## GIVEN DATA
*****
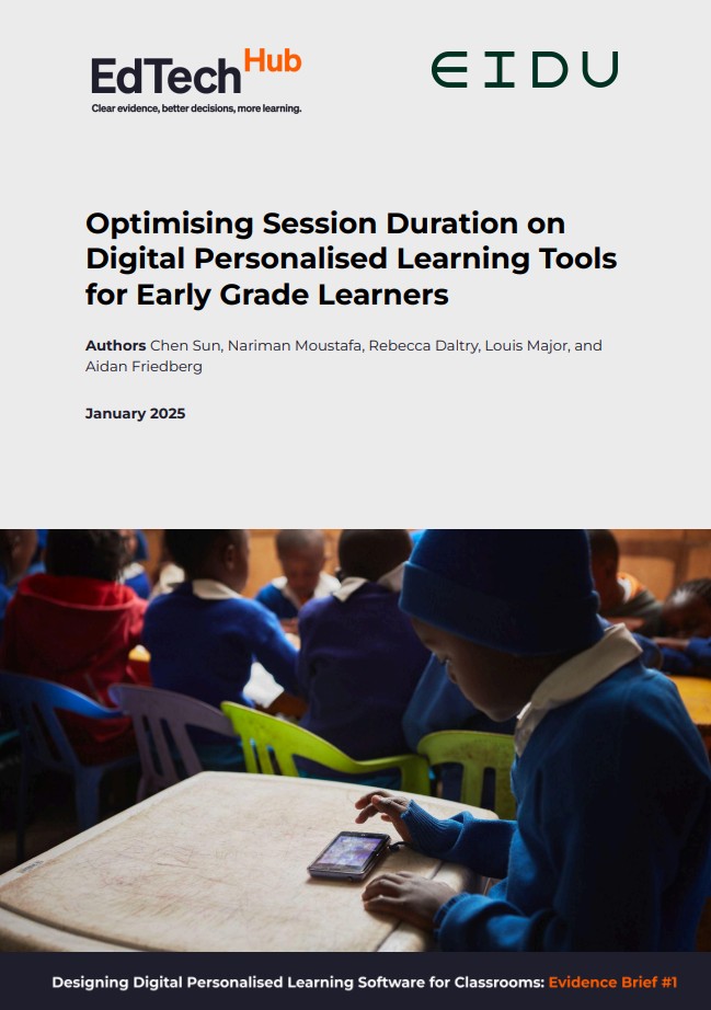 Sun, C., Moustafa, N., Daltry, R., Major, L., & Friedberg, A. (2025). Optimising Session Duration on Digital Personalised Learning Tools for Early Grade Learners (Evidence Brief No. 1). EdTech Hub. https://doi.org/10.53832/edtechhub.1046.
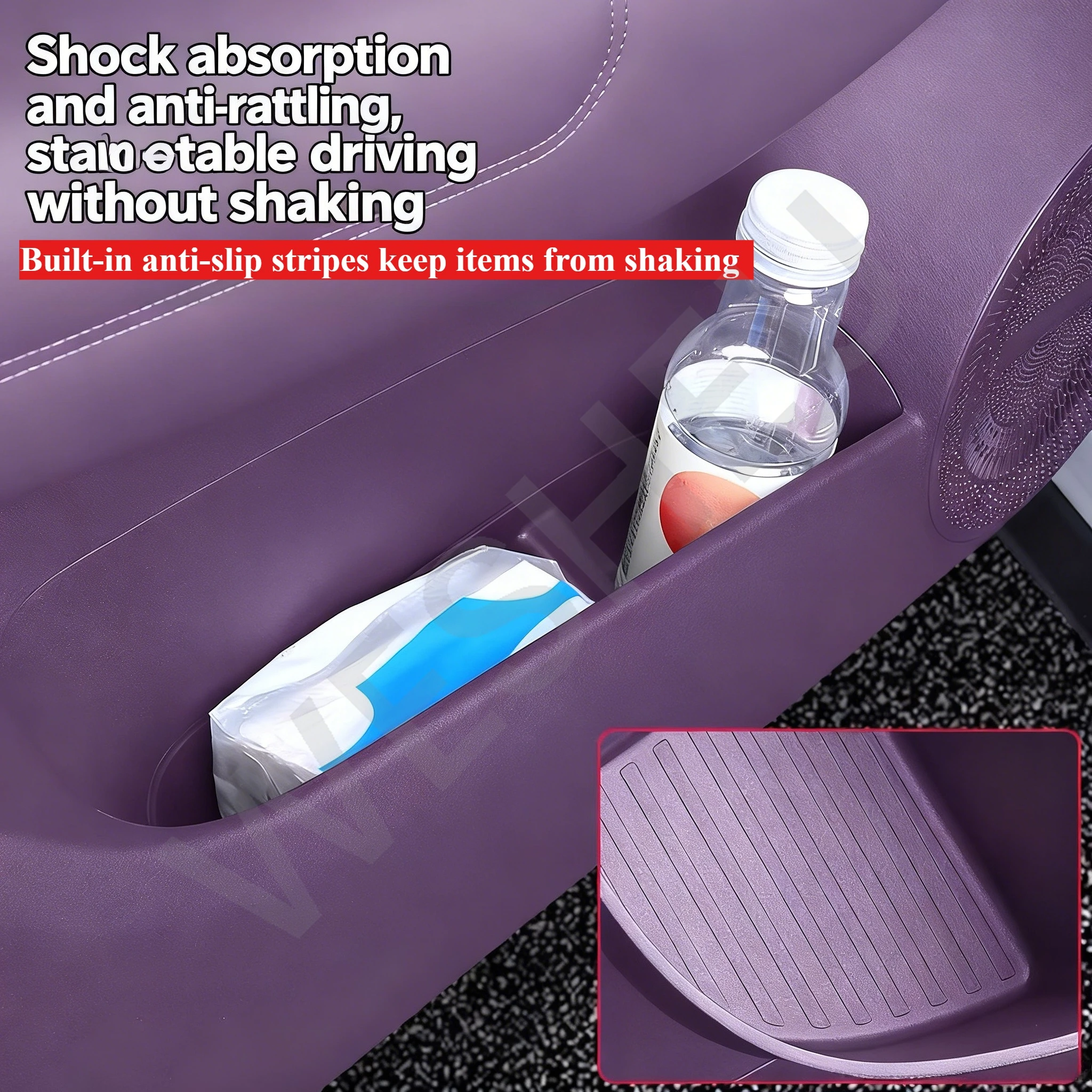 A storage pad design prevents items from sliding or rattling while driving.
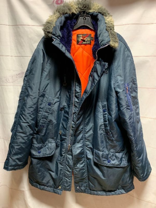 CLASSIC SEARS PARKA, NYLON, ZIP-UP, HOODED, CONTRASTING COLOR LINING, BLUE/ORANGE, SIZE XL AS IS
*****
## WHAT YOU NEED TO DO
For this exercise, transcribe the data above line by line, exactly, with pictures omitted.

## EXERCISE ANSWER
 Sun, C., Moustafa, N., Daltry, R., Major, L., & Friedberg, A. (2025). Optimising Session Duration on Digital Personalised Learning Tools for Early Grade Learners (Evidence Brief No. 1). EdTech Hub. https://doi.org/10.53832/edtechhub.1046.
 A storage pad design prevents items from sliding or rattling while driving.
 CLASSIC SEARS PARKA, NYLON, ZIP-UP, HOODED, CONTRASTING COLOR LINING, BLUE/ORANGE, SIZE XL AS IS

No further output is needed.